▶ **Task brief**
Extract exactly the lines from the top of the records through the line containing "by Timothy Loest", and keep pictures out of the copy.

(Input for this task)

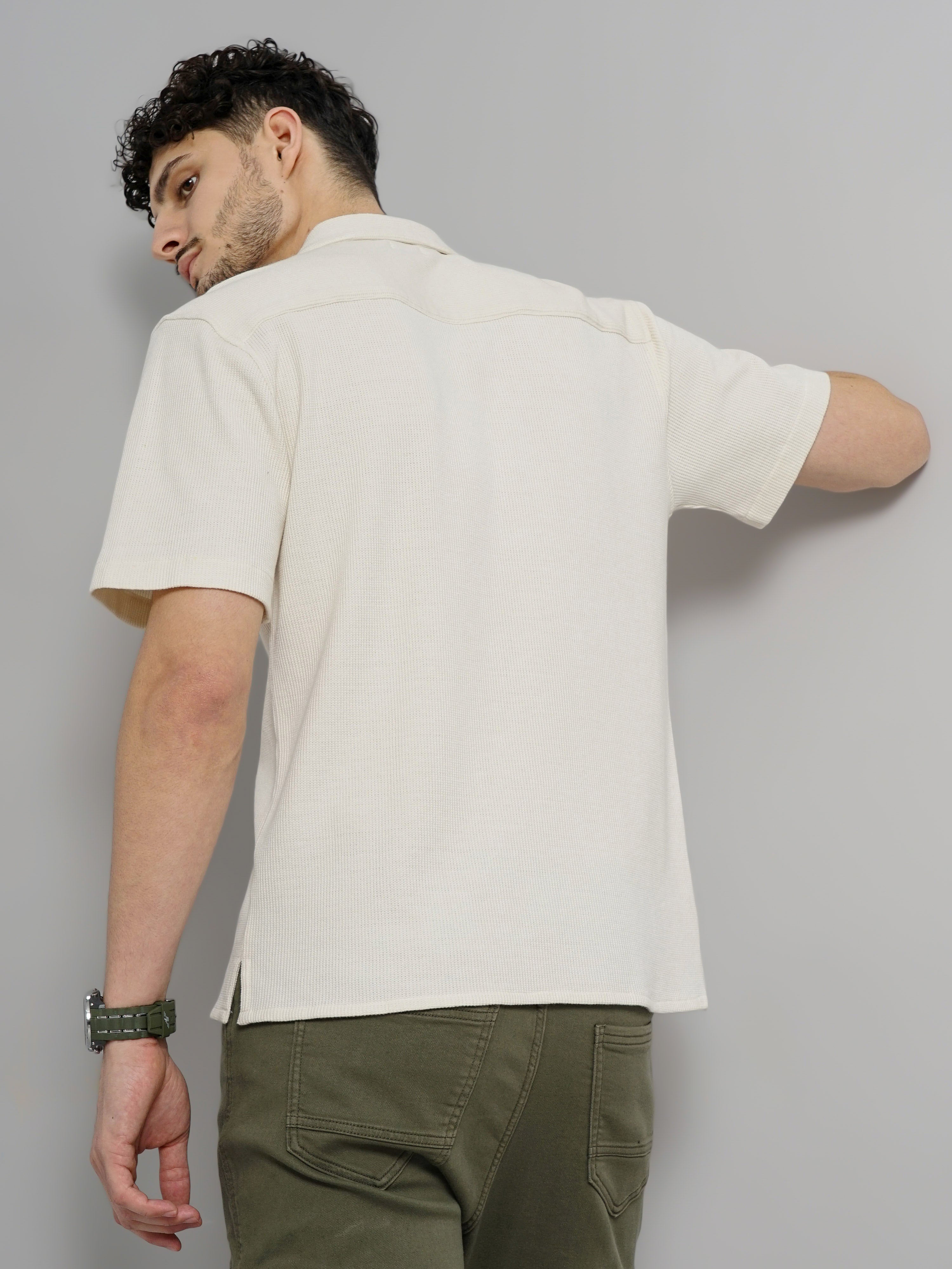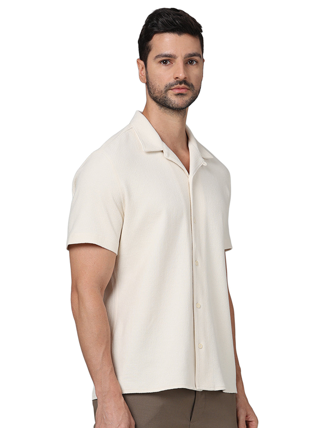 Celio* Men White Solid Regular Fit Cotton Casual Shirt
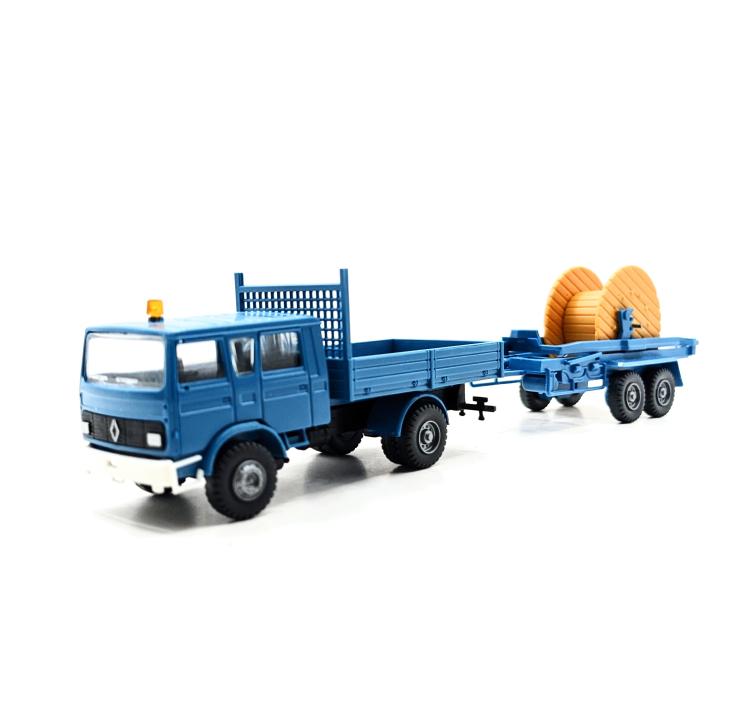 PORTEUR RENAULT S170 À DOUBLE CABINE BLEU AVE C REMORQUE POSEUR DE CBLES ( EDF GDF )
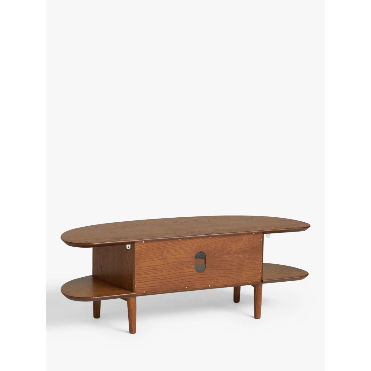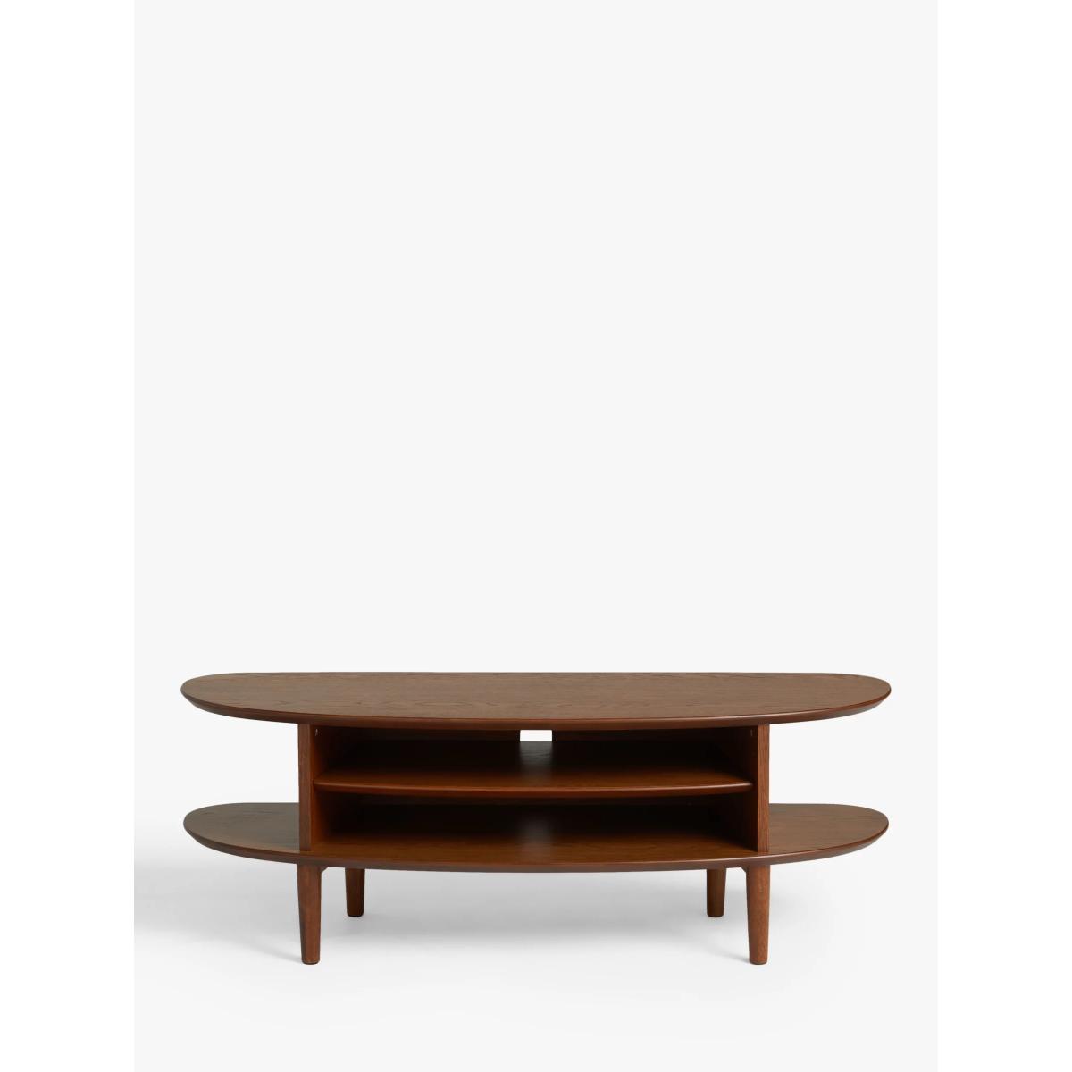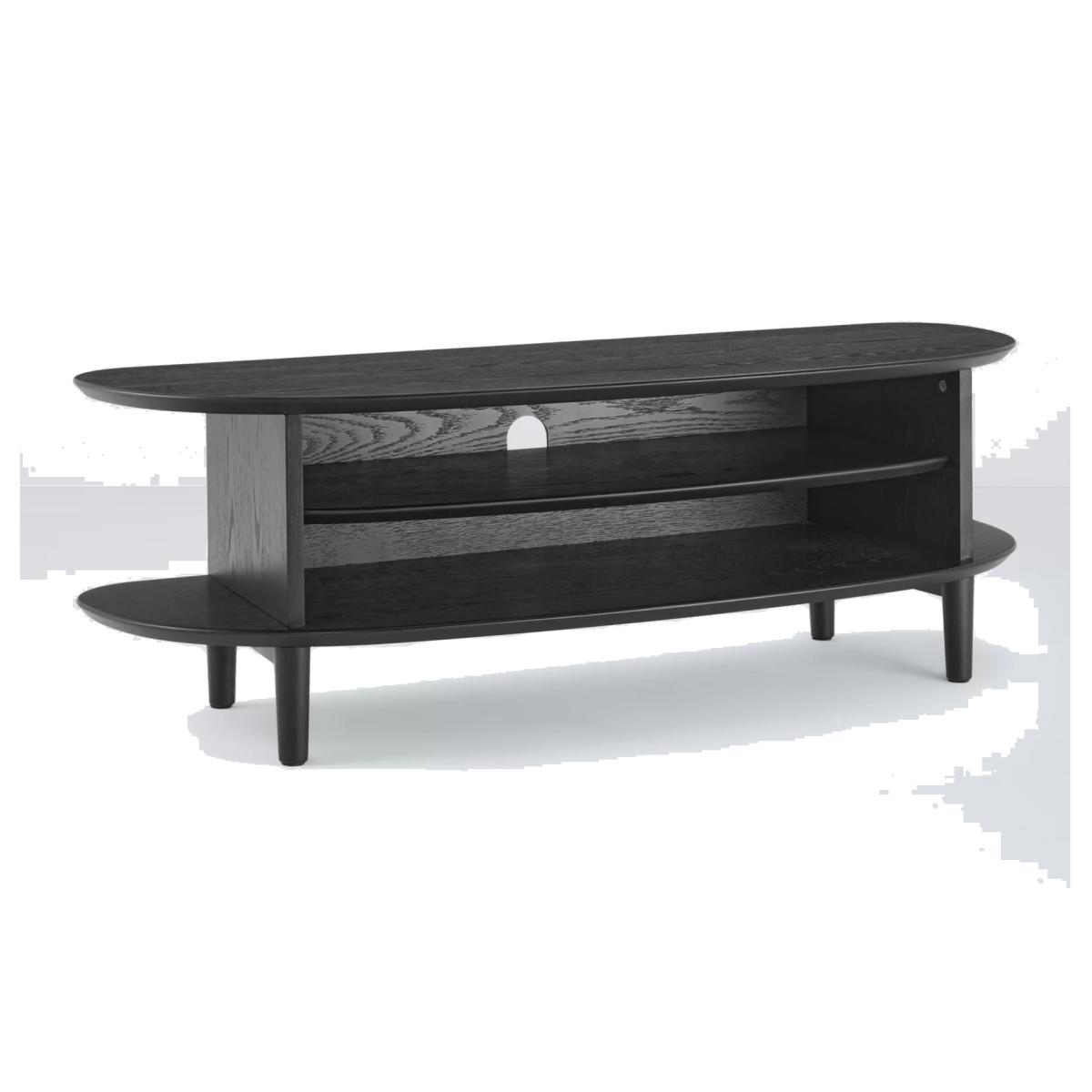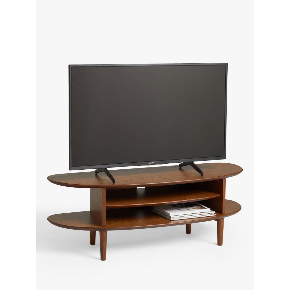 Functional furniture with a sculptural twist. Our in-house designers created this TV stand with a focus on distinctive shapes and warm, natural materials. It's made from a combination of solid oak, high-quality MDF and birch wood and its smooth, rounded shape provides two levels of storage space. One shelf is fixed, the other adjustable, and there's a hole at the back to neatly feed-through cables. With spindle-shaped, tapered legs and a choice of finishes, this practically-sized TV stand is perfect for your modern home. Want to see it first? You may want to see and get a feel for the furniture in one of our shops before ordering. We'll be able to tell you where the range you'd like to view is on display. With great prices and great design, our new brand offers style and quality for modern living today. Whatever you need, there’s joy to be found in ANYDAY.
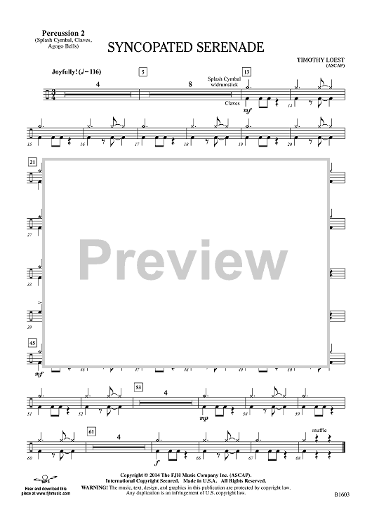 "Syncopated Serenade - Percussion 2" Sheet Music by Timothy Loest
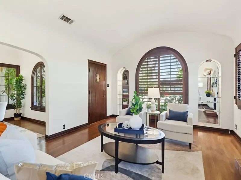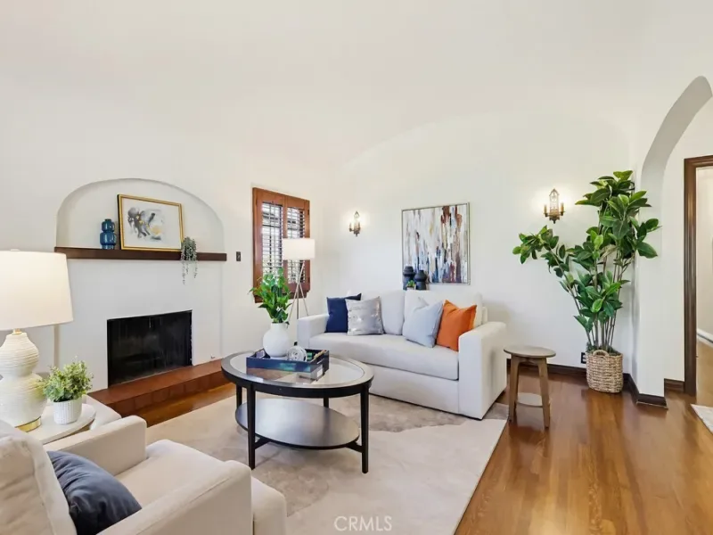 This is the Spanish Revival you’ve been dreaming of—rich in character, beautifully maintained, and brimming with original charm. Nestled on a hidden gem of a street in the coveted Los Cerritos neighborhood of Long Beach, this home stands out with its thick stucco walls, graceful arches, red-tiled roof, and lush, mature landscaping. Step inside and fall in love with the soaring ceilings of the living room, highlighted by a dramatic arched front window, a cozy fireplace, built-in shelving, and wrought-iron original wall sconces. Arched transitions lead you seamlessly into the elegant dining room and a delightful breakfast nook—perfect for enjoying your morning coffee. The smooth white walls throughout the home are perfectly complemented by rich, dark wood flooring and original woodwork, showcasing timeless craftsmanship. The kitchen, bathed in sunlight from its south-facing window, is bright, airy, and conveniently adjacent to a side entrance leading to the laundry room. Down a long, arched hallway, you’ll find a cozy den featuring French doors that open to the backyard, where lush Bougainvillea adds a vibrant pop. Both the den and the rear primary bedroom offer tranquil backyard views, creating a serene retreat. The spacious primary bedroom has high ceilings, large windows, ample storage, and an ensuite bathroom with a walk-in shower and a generous vanity area. The private backyard is perfect for relaxing or entertaining and includes an oversized garage with alley access. Recent updates include a brand-new, permitted roof and a 2024 HVAC system, ensuring modern comfort in this timeless home. Located in the heart of Los Cerritos, this neighborhood is known for its walkable charm, proximity to Bixby Knolls’ shopping and dining, and easy access to freeways—all while maintaining a welcoming, small-town vibe. This exceptional home is a rare find and is sure to capture hearts quickly. Don’t let it slip away!
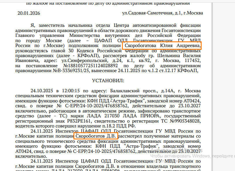 Семейный бизнес - крутая штука. Семейный бизнес чиновников, как мы знаем, поставлен на поток. Муж или жена там что-то ковыряются на госслужбе, а их спутник непременно талантливый и успешный бизнесмен. Так вот, про семейный бизнес. Разбираю одно дело и увидел двух офицеров с одной фамилией. Однофамильцы или муж и жена? Сразу как раз и вспомнилось про семейный бизнес. Правда, если он тут есть, то он не совсем типичный - просто работают вместе. Ну а что?! Разве камеры не бизнес? Камеры у нас в основном коммерческие. В целом, их назначение далеко от заявляемых благих целей, связанных с безопасностью дорожного движения - чаще сама организация дорожного движения (вот как в этом случае по этому делу) оставляет желать лучшего. Прикольно. Капитан полиции выносит постановления, а подполковник клепает решения. А, может, мама с сыном. Почему бы и нет. Я вот был маленький всегда приходил к маме на работу в поликлинику и помогал ей заполнять бумажки и она мне платила за это деньги. Статья, к
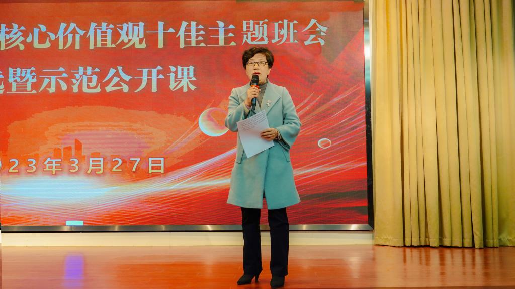 李梅英对各参赛队伍的表现予以点评。她指出,各学院展示的主题班会立意鲜明、形式新颖、内容丰富,以学生喜闻乐见的形式生动地诠释了社会主义核心价值观,具有很强的示范推广价值。她强调,学校高度重视大学生社会主义核心价值观教育工作,连续三年将该工作列入学校年度党政重点工作,青年学生应当以社会主义核心价值观作为基本遵循,做社会主义核心价值观的坚定信仰者、积极传播者和模范践行者,真正将社会主义核心价值观融入到学习、生活、实践各方面。
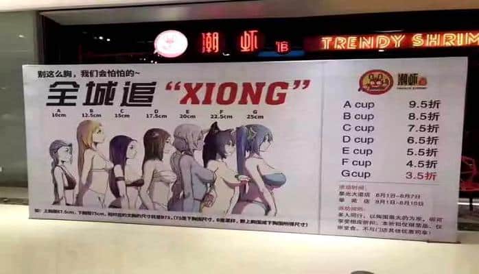 Xançjou çin şəhərinin kənarında yerləşən Trendy Shrimp restoranında bunun çoxlarını maraqlandıracağını fikirləşdilər. Avqust ayının 1-dən buraya bunu nümayiş etdirən banner yerləşdirdilər. Bu bannerdə ziyarət edən qızların hansı endirimi əldə edəcəyi haqda məlumat əks olunub. Ən böyük ölçülü sinəyə sahib olanlara 65, ən kiçiklərinə isə 5 faiz endirim təklif olunur.
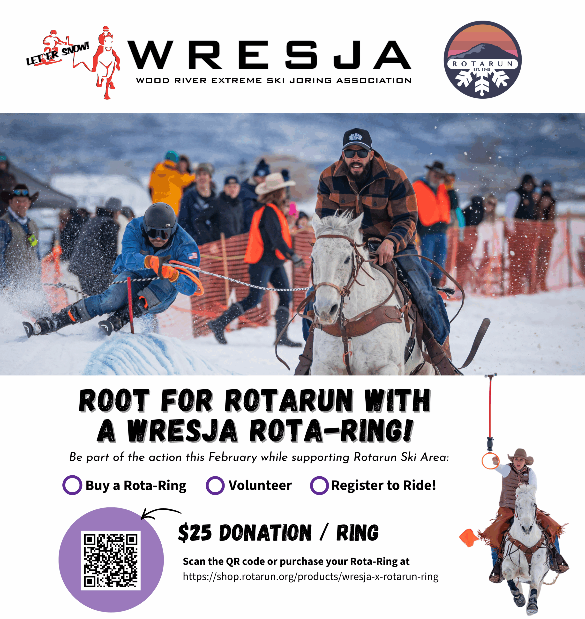 You can help support Rotarun as one of the three non-profit beneficiaries of the 2026 Wood River Ski Joring races by purchasing a race ring for $25! The event takes place February 14-15 in Bellevue, ID.
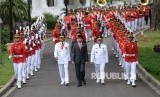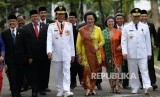 Sri Sultan Hamengku Buwono X (ketiga kiri) bersama Paku Alam X (kedua kanan) berjalan bersama rombongan usai mengikuti pengambilan sumpah jabatan Gubernur DIY oleh Presiden Joko Widodo di Istana Negara, Jakarta, Selasa (10/10). (FOTO : Republika/Wihdan Hidayat)
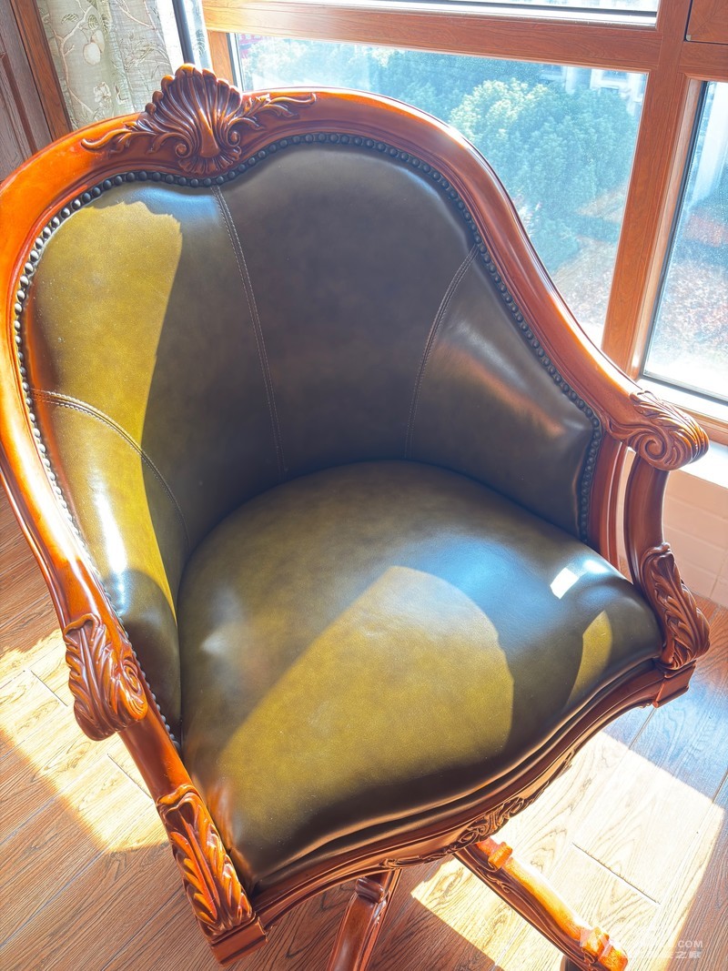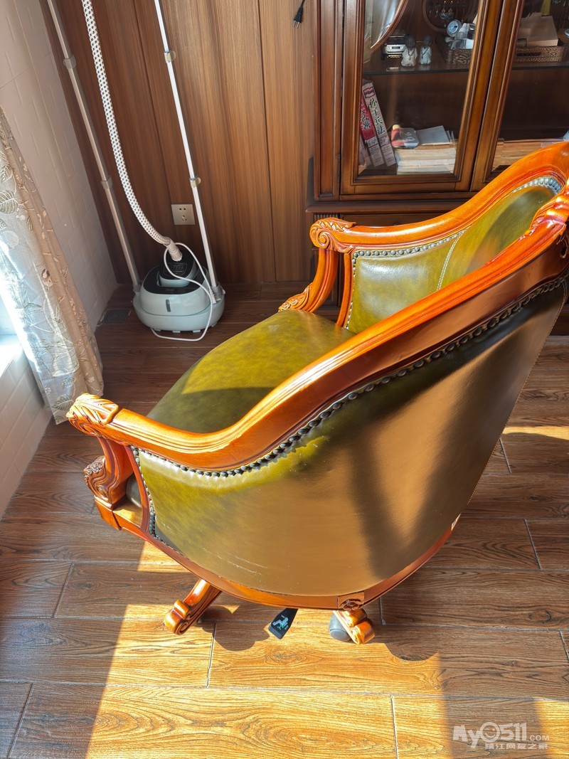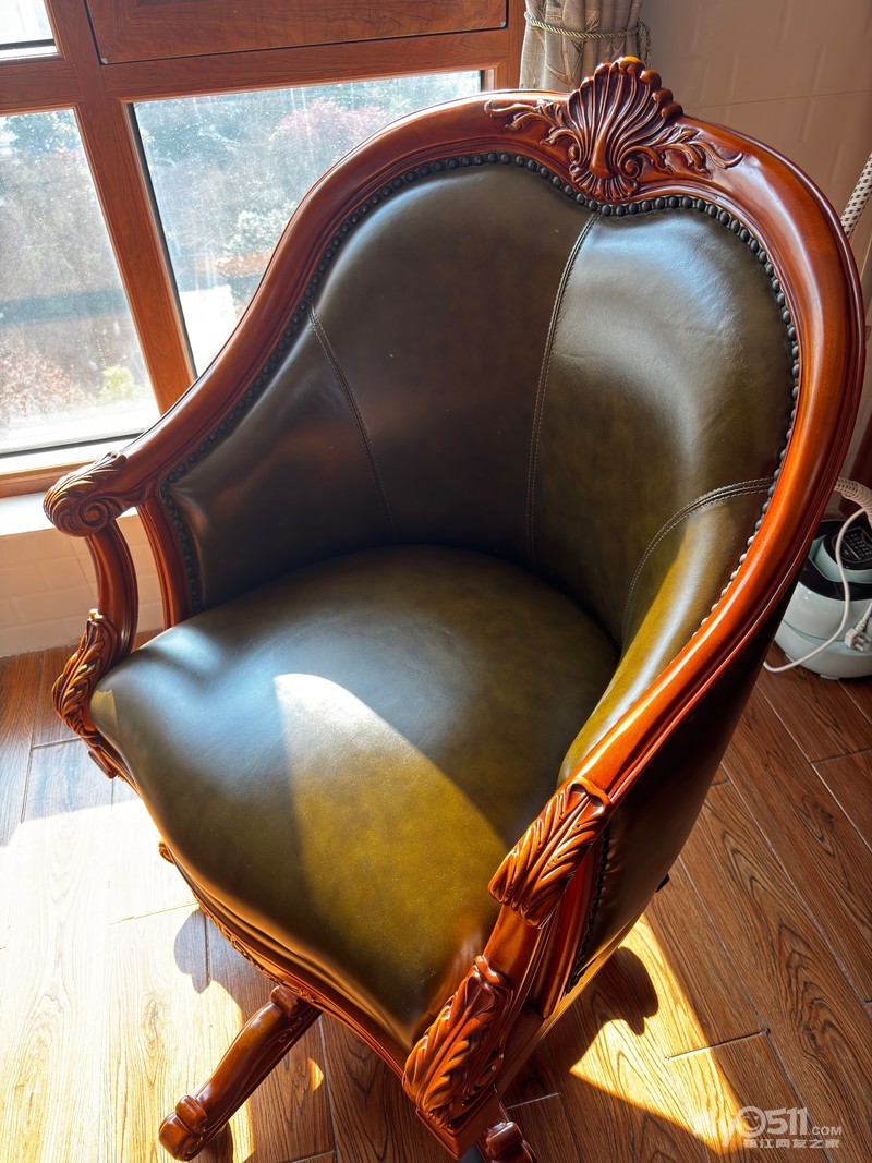 » 出售全新美式实木真皮电脑椅休闲椅一张

(End Input for this task)

▶ **Problem solution**
 Celio* Men White Solid Regular Fit Cotton Casual Shirt
 PORTEUR RENAULT S170 À DOUBLE CABINE BLEU AVE C REMORQUE POSEUR DE CBLES ( EDF GDF )
 Functional furniture with a sculptural twist. Our in-house designers created this TV stand with a focus on distinctive shapes and warm, natural materials. It's made from a combination of solid oak, high-quality MDF and birch wood and its smooth, rounded shape provides two levels of storage space. One shelf is fixed, the other adjustable, and there's a hole at the back to neatly feed-through cables. With spindle-shaped, tapered legs and a choice of finishes, this practically-sized TV stand is perfect for your modern home. Want to see it first? You may want to see and get a feel for the furniture in one of our shops before ordering. We'll be able to tell you where the range you'd like to view is on display. With great prices and great design, our new brand offers style and quality for modern living today. Whatever you need, there’s joy to be found in ANYDAY.
 "Syncopated Serenade - Percussion 2" Sheet Music by Timothy Loest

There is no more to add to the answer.